WHAT IS EXPECTED:
Retype exactly every line from the one that includes "2020年03月05日江蘇泰" through the final line of the listing, both ends kept, and omit the pictures.

COLLECTED DATA:
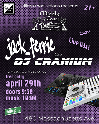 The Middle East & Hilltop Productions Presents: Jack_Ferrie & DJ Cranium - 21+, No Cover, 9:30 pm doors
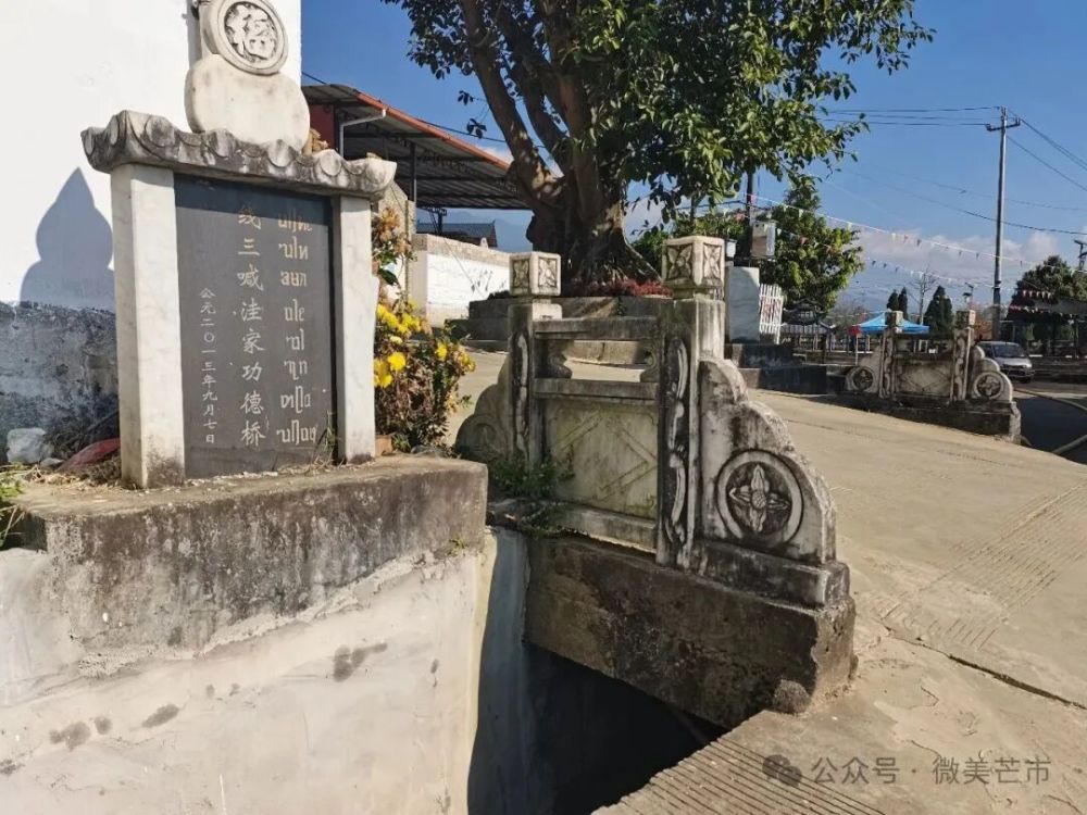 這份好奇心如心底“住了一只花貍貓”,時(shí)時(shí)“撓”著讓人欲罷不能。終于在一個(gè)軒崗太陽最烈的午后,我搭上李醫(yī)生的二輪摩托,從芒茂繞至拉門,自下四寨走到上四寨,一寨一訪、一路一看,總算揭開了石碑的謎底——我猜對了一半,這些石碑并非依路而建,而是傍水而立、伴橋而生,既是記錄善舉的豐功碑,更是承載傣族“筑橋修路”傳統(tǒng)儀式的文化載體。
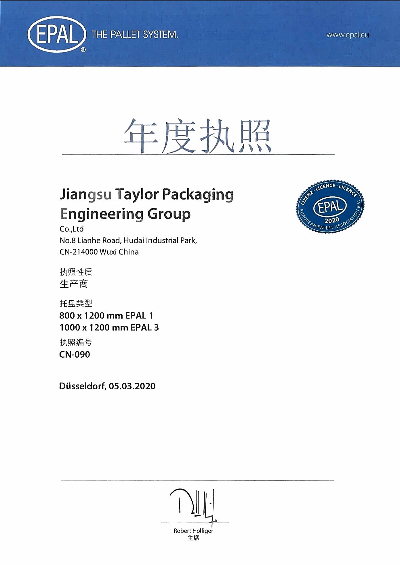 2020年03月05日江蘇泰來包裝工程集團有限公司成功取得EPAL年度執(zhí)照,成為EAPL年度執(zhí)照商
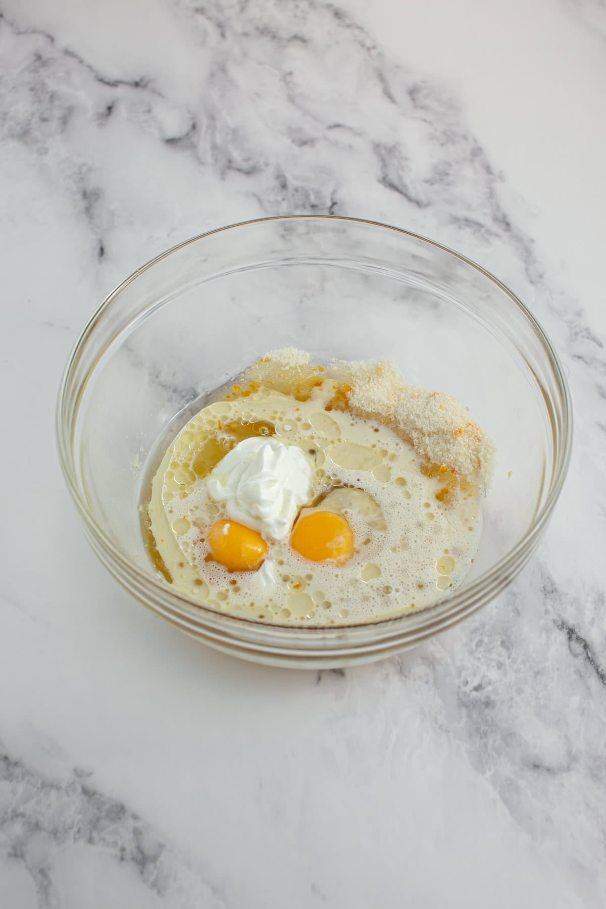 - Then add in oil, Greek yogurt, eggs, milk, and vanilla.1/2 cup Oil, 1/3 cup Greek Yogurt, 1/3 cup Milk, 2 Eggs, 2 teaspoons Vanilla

WRITTEN ANSWER:
 2020年03月05日江蘇泰來包裝工程集團有限公司成功取得EPAL年度執(zhí)照,成為EAPL年度執(zhí)照商
 - Then add in oil, Greek yogurt, eggs, milk, and vanilla.1/2 cup Oil, 1/3 cup Greek Yogurt, 1/3 cup Milk, 2 Eggs, 2 teaspoons Vanilla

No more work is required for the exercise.